Supplied data:
• • • • • • •

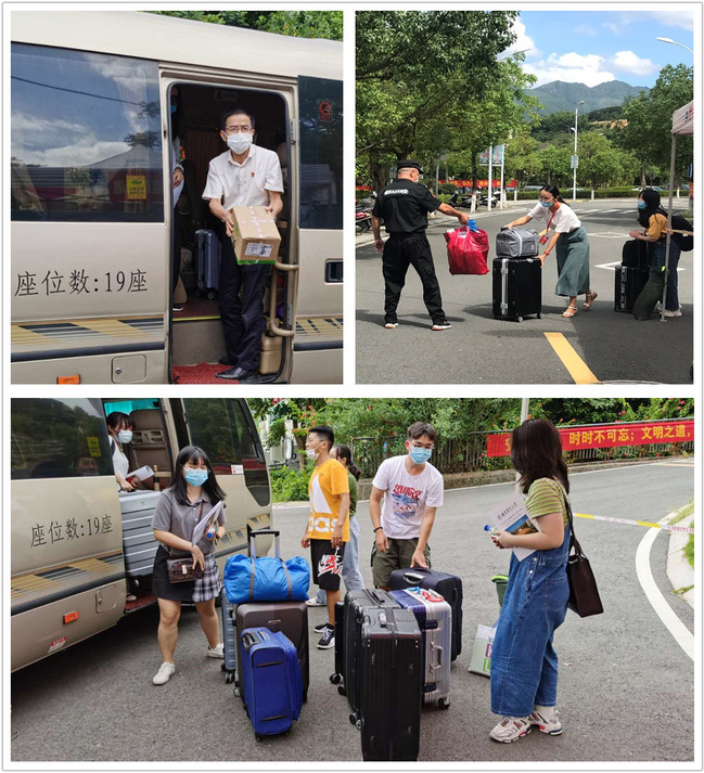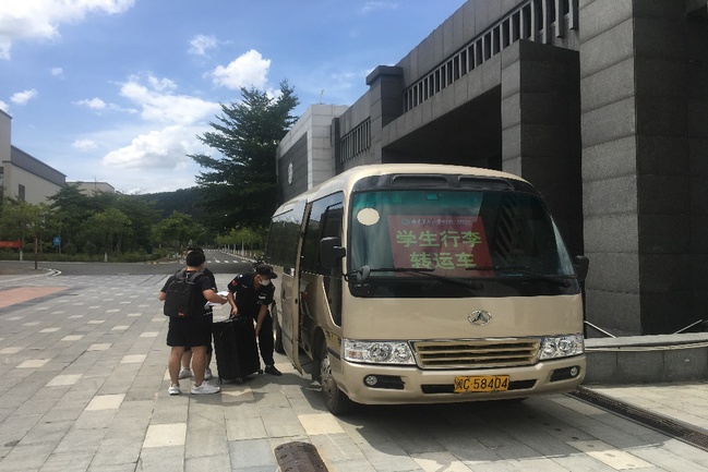 学院在校内安排中转车辆帮助学生转运行李,辅导员、物业保安志愿者为同学们送上返校后的第一份温暖。
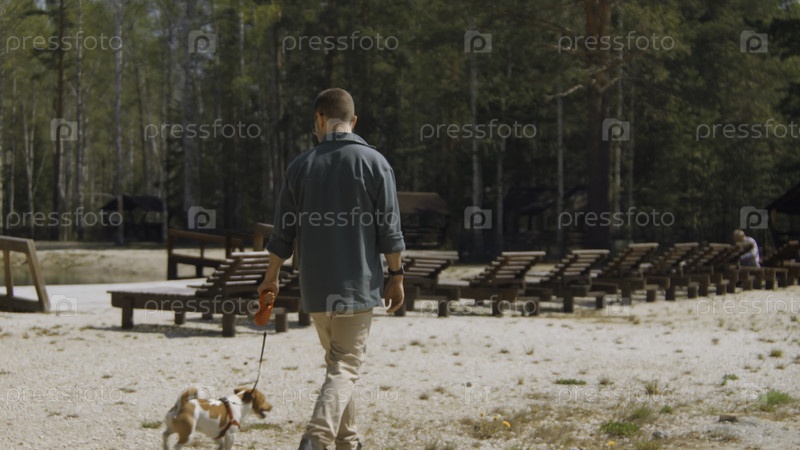 Мужчина гуляет со своей собакой на пляже в лесу.Сток-файлы.Мужчина прогуливается со своей собакой по песку на курорте летом.Мужчина и его собака ходят на берегу пруда в лесу солнечным летним днем
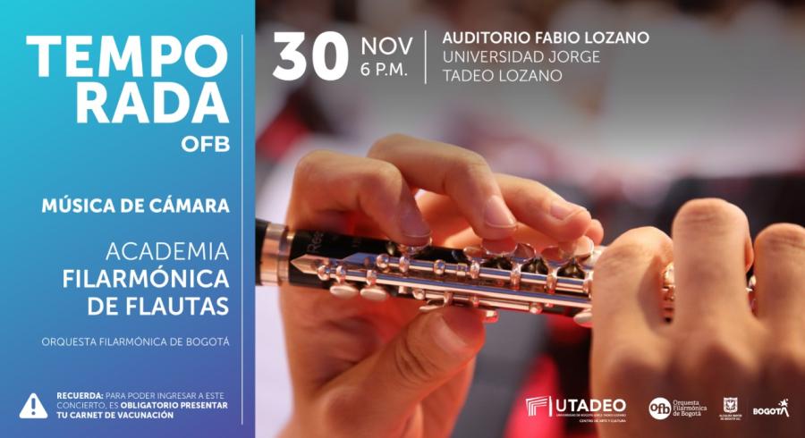 En este contexto, el próximo martes 30 de noviembre desde la 6:00 p.m. la Academia Filarmónica de Flautas dará un recital en el auditorio Fabio Lozano de Utadeo, al que podrás asistir gratuitamente, del cual harán parte los maestros Elizabeth Osorio y Ricardo Giraldo como talleristas invitados.

• • • • • • •

Retype the listing above exactly, please. Pictures do not belong in the copy.

 学院在校内安排中转车辆帮助学生转运行李,辅导员、物业保安志愿者为同学们送上返校后的第一份温暖。
 Мужчина гуляет со своей собакой на пляже в лесу.Сток-файлы.Мужчина прогуливается со своей собакой по песку на курорте летом.Мужчина и его собака ходят на берегу пруда в лесу солнечным летним днем
 En este contexto, el próximo martes 30 de noviembre desde la 6:00 p.m. la Academia Filarmónica de Flautas dará un recital en el auditorio Fabio Lozano de Utadeo, al que podrás asistir gratuitamente, del cual harán parte los maestros Elizabeth Osorio y Ricardo Giraldo como talleristas invitados.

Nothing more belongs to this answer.